[Records drawn from a dataset]

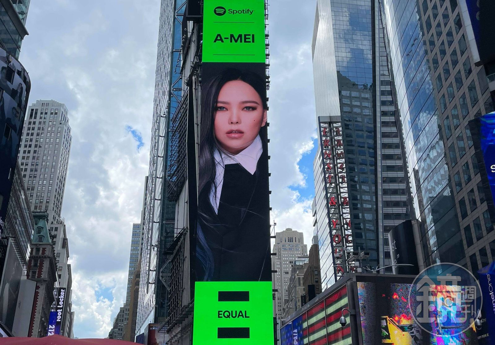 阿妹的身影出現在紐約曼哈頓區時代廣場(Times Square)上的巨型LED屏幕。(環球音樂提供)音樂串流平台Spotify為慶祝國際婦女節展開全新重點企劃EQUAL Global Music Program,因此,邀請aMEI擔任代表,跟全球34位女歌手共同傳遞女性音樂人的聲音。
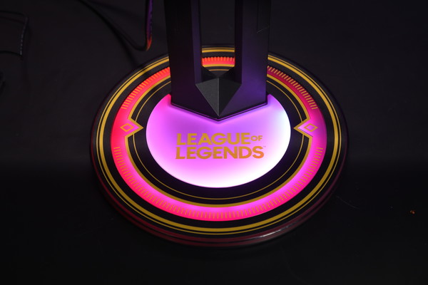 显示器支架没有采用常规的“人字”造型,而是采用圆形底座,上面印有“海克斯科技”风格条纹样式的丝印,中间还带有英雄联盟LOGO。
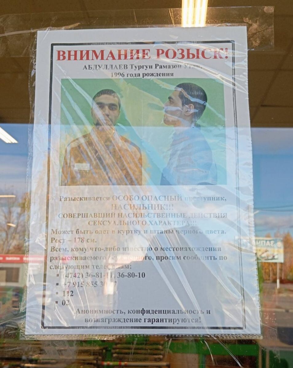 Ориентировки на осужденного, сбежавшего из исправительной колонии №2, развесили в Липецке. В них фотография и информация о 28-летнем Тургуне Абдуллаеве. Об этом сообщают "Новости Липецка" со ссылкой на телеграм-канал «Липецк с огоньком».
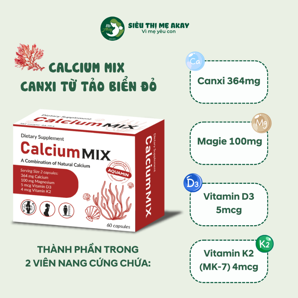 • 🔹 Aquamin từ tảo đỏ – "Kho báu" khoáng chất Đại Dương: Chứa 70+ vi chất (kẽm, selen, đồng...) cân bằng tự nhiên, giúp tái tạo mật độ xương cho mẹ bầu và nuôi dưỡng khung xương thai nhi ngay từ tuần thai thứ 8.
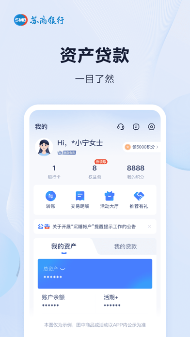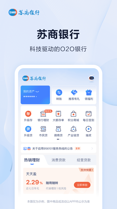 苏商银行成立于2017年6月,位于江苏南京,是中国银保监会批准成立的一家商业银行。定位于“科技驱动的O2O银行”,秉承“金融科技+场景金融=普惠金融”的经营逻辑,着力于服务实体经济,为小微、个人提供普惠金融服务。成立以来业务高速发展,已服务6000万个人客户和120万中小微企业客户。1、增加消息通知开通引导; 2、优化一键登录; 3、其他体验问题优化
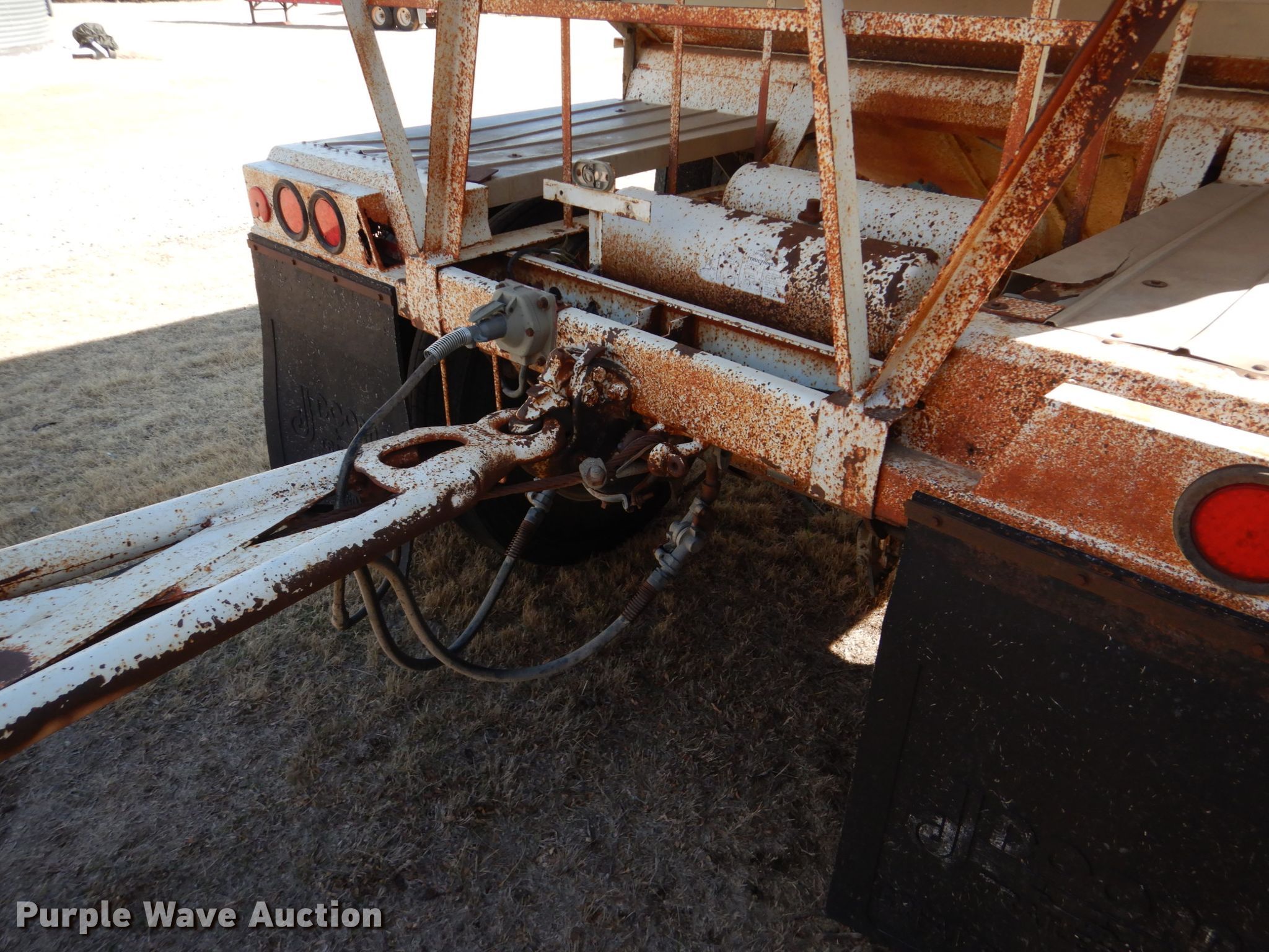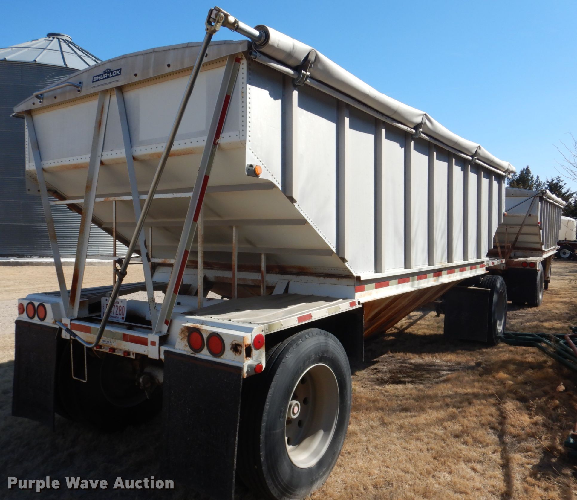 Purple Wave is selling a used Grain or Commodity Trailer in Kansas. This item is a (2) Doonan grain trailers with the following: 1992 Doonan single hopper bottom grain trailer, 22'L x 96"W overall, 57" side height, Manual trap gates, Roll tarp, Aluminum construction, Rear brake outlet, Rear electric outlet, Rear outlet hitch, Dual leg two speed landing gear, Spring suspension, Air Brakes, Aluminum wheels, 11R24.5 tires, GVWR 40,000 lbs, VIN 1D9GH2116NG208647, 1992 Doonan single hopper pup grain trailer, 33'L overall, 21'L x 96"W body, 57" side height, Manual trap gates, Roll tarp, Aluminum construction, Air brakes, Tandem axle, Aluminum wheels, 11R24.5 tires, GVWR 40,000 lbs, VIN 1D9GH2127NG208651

PROBLEM TO SOLVE ->
Repeat every record above exactly. Omit the pictures.

ANSWER TO THIS EXERCISE ->
 阿妹的身影出現在紐約曼哈頓區時代廣場(Times Square)上的巨型LED屏幕。(環球音樂提供)音樂串流平台Spotify為慶祝國際婦女節展開全新重點企劃EQUAL Global Music Program,因此,邀請aMEI擔任代表,跟全球34位女歌手共同傳遞女性音樂人的聲音。
 显示器支架没有采用常规的“人字”造型,而是采用圆形底座,上面印有“海克斯科技”风格条纹样式的丝印,中间还带有英雄联盟LOGO。
 Ориентировки на осужденного, сбежавшего из исправительной колонии №2, развесили в Липецке. В них фотография и информация о 28-летнем Тургуне Абдуллаеве. Об этом сообщают "Новости Липецка" со ссылкой на телеграм-канал «Липецк с огоньком».
 • 🔹 Aquamin từ tảo đỏ – "Kho báu" khoáng chất Đại Dương: Chứa 70+ vi chất (kẽm, selen, đồng...) cân bằng tự nhiên, giúp tái tạo mật độ xương cho mẹ bầu và nuôi dưỡng khung xương thai nhi ngay từ tuần thai thứ 8.
 苏商银行成立于2017年6月,位于江苏南京,是中国银保监会批准成立的一家商业银行。定位于“科技驱动的O2O银行”,秉承“金融科技+场景金融=普惠金融”的经营逻辑,着力于服务实体经济,为小微、个人提供普惠金融服务。成立以来业务高速发展,已服务6000万个人客户和120万中小微企业客户。1、增加消息通知开通引导; 2、优化一键登录; 3、其他体验问题优化
 Purple Wave is selling a used Grain or Commodity Trailer in Kansas. This item is a (2) Doonan grain trailers with the following: 1992 Doonan single hopper bottom grain trailer, 22'L x 96"W overall, 57" side height, Manual trap gates, Roll tarp, Aluminum construction, Rear brake outlet, Rear electric outlet, Rear outlet hitch, Dual leg two speed landing gear, Spring suspension, Air Brakes, Aluminum wheels, 11R24.5 tires, GVWR 40,000 lbs, VIN 1D9GH2116NG208647, 1992 Doonan single hopper pup grain trailer, 33'L overall, 21'L x 96"W body, 57" side height, Manual trap gates, Roll tarp, Aluminum construction, Air brakes, Tandem axle, Aluminum wheels, 11R24.5 tires, GVWR 40,000 lbs, VIN 1D9GH2127NG208651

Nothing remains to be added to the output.